In sostanza, rende… costituzionale ciò che secondo il Tar è… incostituzionale: “1. Dopo il comma 3 è aggiunto il seguente: “3-bis. L’articolo 9, comma 1, del decreto-legge 8 agosto 2013, n. 91, convertito con modificazioni nella legge 7 ottobre 2013, n. 112, si interpreta nel senso che il decreto del Ministro dei Beni e delle Attività culturali e del Turismo, ivi previsto, di rideterminazione dei criteri per l’erogazione e delle modalità per la liquidazione e l’anticipazione dei contributi allo spettacolo dal vivo finanziati a valere sul Fondo Unico dello Spettacolo di cui alla legge 30 aprile 1985, n. 163, o ai sensi della legge 23 dicembre 1996, n. 662, e successive modificazioni, ha la stessa natura non regolamentare di cui all’articolo 1, comma 1, del decreto-legge 18 febbraio 2003, n. 24, convertito, con modificazioni, dalla legge 17 aprile 2003, n. 82, e di cui all’articolo 1, comma 3, della legge 15 novembre 2005, n. 239, nonché nel senso che le regole tecniche di riparto sono basate sull’esame comparativo di appositi programmi di attività pluriennale presentati dagli enti e dagli organismi dello spettacolo e possono definire apposite categorie tipologiche dei soggetti ammessi a presentare domanda, per ciascuno dei settori delle attività di danza, delle attività musicali, delle attività teatrali e delle attività circensi e dello spettacolo viaggiante”.

La Camera ha approvato ieri 21 luglio il decreto sugli enti locali, che passa in Senato per la “seconda lettura”. I “sì” sono stati 271, i “no” 109, 2 gli ”astenuti”. All’interno del provvedimento, all’articolo 24, è stato quindi inserito l’emendamento Rampi appunto, ovvero la norma interpretativa sui criteri per l’erogazione del Fus, ed approvata una norma che prevede uno o più regolamenti per la revisione dell’assetto regolamentare e organizzativo delle Fondazioni Lirico Sinfoniche (altra questione infinitamente controversa: si ricordi che questi enti assorbono la parte prevalente del Fus stesso).

Intanto, mercoledì mattina, il giorno prima della decisione del Consiglio di Stato, con evidente quanto legittimo intento di sensibilizzazione politica, il Presidente dell’Agis (Associazione Generale Italiana dello Spettacolo) Carlo Fontana e Filippo Fonsatti della già citata Federvivo (Federazione dello Spettacolo dal Vivo) hanno presentato una proposta congiunta per un “Codice dello Spettacolo dal Vivo”, che si caratterizza per un’architettura di ampio respiro (che sarà presto oggetto di opportuna attenzione su queste colonne).

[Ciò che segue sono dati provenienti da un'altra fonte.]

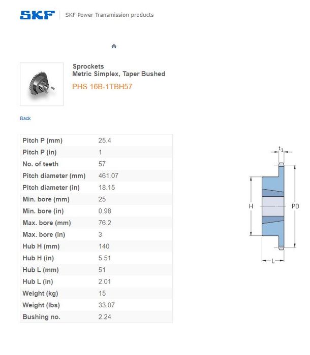 - SKF - 16B1 (1 Inch) SPROCKET 57 TEETH 1 ROW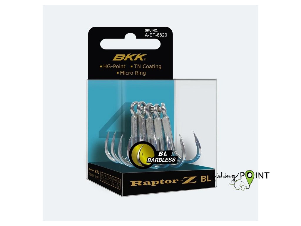 Na háček Raptor-Z byly použity nejnovější BKK výrobní technologie. Byl vyroben tak, aby zahákl a zdolal silné a agresivní rybí monstra. Díky BKK Hand ground technologii a Ultra-Antirust potažení je vybaven ultimátní sílou při záseku. Pronikne i do těch nejtvrdších rybích čelistí a má mimořádnou odolnost vůči korozi. BKK Slim Ring technologie umožňuje jednodušší navléknutí na kroužek. Je to jeden z nejpoužívanějších trojháčků s širokou škálou uplatnění.Doplňkové parametry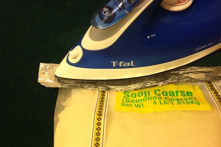 Isto é simplesmente genial. Se você precisar selar um saco plástico, coloque um longo pedaço de papel alumínio na área que deseja prender antes de aplicar um ferro quente. O calor fará o plástico derreter, enquanto o papel alumínio impedirá que ele grude na superfície ou no ferro .

Data la complessità della materia da affrontare, si ha ragione di prevedere che un intervento così ambizioso non abbia comunque grandi chance di approvazione in tempi rapidi. Fontana, interpellato da “Key4biz”, in relazione alla imminente decisione del Consiglio di Stato, ha dichiarato: “Speriamo venga confermata la sospensione. L’evento di oggi è soltanto di presentazione delle nostre proposte”. Indubbia però l’azione di “pressing”, su duplice fronte: Consiglio di Stato e Governo/Parlamento.

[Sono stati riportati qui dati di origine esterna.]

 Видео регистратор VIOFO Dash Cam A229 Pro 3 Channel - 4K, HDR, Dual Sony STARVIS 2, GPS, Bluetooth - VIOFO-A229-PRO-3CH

In argomento, va anche segnalato che sempre ieri 21 luglio è stato pubblicata la Relazione della VII Commissione del Senato (Istruzione Pubblica, Beni Culturali, Ricerca Scientifica, Spettacolo e Sport) sul disegno di legge n. 2287, intitolato “Disciplina del cinema, dell’audiovisivo e dello spettacolo e deleghe al Governo per la riforma normativa in materia di attività culturali”, presentato dal Ministro dei Beni e delle Attività Culturali e del Turismo, di concerto con il Ministro dell’Economia e delle Finanze, comunicato alla Presidenza il 16 marzo 2016: si tratta di un disegno di legge di riforma fortemente voluto dal Ministro Dario Franceschini e dal Sottosegretario Antonello Giacomelli, collegato alla manovra di finanza pubblica (ai sensi dell’articolo 126-bis del Regolamento).

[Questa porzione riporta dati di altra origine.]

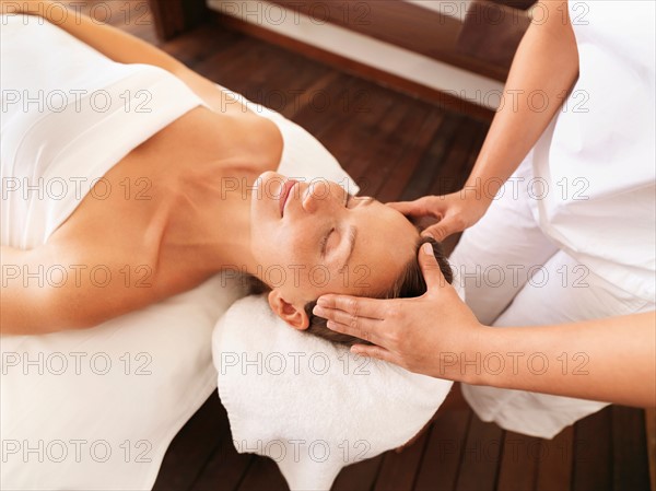 Woman getting facial massage in spa. Photo : Yuri Arcurs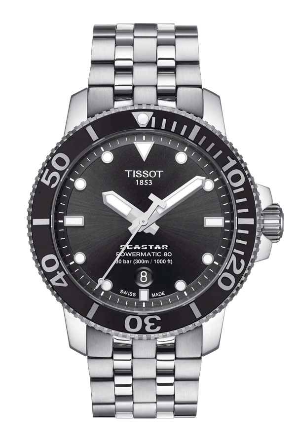 Pokud chcete působit nadčasově a stylově, je barevná kombinace stříbrné a černé spolehlivou zárukou úspěchu. Pánské hodinky Tissot se na ruku připínají ocelovým řemínkem zakončeným trnovou sponou. Výrazný černý ciferník je ukrytý pod pevným safírovým sklíčkem, a kromě analogového číselníku se na něm nachází také datumovka. Pouzdro má průměr 43 milimetrů a je vyrobené z oceli, zatímco luneta je keramická. Potápěčské hodinky jsou voděodolné do hloubky 300 metrů a patří do kolekce T-SPORT.

Si legge nelle prime righe della relazione, a firma della Senatrice piddina Rosa Maria Di Giorgi: “La Commissione ha stralciato la parte relativa alla disciplina dello spettacolo e delle attività culturali che, ove l’Assemblea confermerà la proposta di stralcio, sarà trattata come collegato alla manovra finanziaria con separato iter legislativo, secondo gli impegni già assunti dal Governo in tal senso, in modo tale da poter garantire a questo settore il necessario approfondimento istruttorio. Il disegno di legge in esame quindi riguarda soltanto il cinema e l’audiovisivo”.

Questa proposta di legge, che riforma in modo piuttosto radicale l’intervento dello Stato nel settore cinematografico e audiovisivo (elevando i fondi pubblici dagli attuali 260 milioni di euro l’anno a ben 400 milioni, e ciò basta a renderlo un provvedimento… rivoluzionario), sarà presto oggetto di approfondita analisi su queste colonne. Quel che fin d’ora lamentiamo, anche in questo disegno di legge, è la perdurante assenza di una vocazione tecnica all’uso di una strumentazione cognitiva adeguata alla valutazione degli interventi della mano pubblica. Si governa, ancora una volta – e finanche incrementando significativamente il budget statale – con evidente deficit della cassetta degli attrezzi.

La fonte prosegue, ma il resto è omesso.